— Goal of the exercise —
This exercise calls for the line with "Jestem członkiem Polskiego", the line with "9月24日開盤最新消息,石英", and all lines between them in the material below, output exactly and with no other lines.

— The data —
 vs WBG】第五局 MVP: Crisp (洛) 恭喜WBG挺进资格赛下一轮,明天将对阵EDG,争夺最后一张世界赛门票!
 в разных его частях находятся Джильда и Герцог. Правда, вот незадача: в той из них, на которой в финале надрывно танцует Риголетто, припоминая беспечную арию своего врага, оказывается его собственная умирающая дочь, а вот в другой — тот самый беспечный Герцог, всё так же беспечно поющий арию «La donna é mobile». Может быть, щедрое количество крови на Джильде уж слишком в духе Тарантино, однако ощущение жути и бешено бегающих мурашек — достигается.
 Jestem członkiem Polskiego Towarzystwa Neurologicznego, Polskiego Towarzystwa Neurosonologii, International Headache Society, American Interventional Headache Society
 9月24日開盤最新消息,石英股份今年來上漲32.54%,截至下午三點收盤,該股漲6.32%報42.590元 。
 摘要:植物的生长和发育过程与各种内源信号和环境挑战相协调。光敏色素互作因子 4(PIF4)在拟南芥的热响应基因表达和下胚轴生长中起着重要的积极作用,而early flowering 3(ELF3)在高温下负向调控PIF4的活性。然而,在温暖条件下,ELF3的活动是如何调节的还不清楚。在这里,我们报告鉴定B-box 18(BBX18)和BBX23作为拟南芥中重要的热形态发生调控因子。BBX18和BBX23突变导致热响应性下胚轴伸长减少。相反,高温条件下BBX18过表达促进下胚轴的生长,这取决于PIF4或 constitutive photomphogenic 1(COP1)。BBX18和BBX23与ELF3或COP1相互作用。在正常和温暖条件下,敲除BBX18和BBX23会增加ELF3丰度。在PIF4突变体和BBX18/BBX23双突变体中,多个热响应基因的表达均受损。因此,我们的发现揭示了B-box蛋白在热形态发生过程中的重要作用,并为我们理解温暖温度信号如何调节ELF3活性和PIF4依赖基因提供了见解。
==
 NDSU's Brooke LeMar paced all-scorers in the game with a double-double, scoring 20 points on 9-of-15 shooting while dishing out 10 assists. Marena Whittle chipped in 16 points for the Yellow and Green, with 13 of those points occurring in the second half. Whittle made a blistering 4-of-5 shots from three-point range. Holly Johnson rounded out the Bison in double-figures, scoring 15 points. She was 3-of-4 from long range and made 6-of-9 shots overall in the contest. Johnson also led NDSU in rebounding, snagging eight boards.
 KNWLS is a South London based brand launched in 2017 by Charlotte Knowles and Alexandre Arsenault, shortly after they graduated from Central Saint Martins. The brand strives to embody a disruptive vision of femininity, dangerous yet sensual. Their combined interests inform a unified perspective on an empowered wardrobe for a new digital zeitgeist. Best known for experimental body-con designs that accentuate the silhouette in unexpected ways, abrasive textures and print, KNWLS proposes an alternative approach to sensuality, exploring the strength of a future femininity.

— Response box —
 Jestem członkiem Polskiego Towarzystwa Neurologicznego, Polskiego Towarzystwa Neurosonologii, International Headache Society, American Interventional Headache Society
 9月24日開盤最新消息,石英股份今年來上漲32.54%,截至下午三點收盤,該股漲6.32%報42.590元 。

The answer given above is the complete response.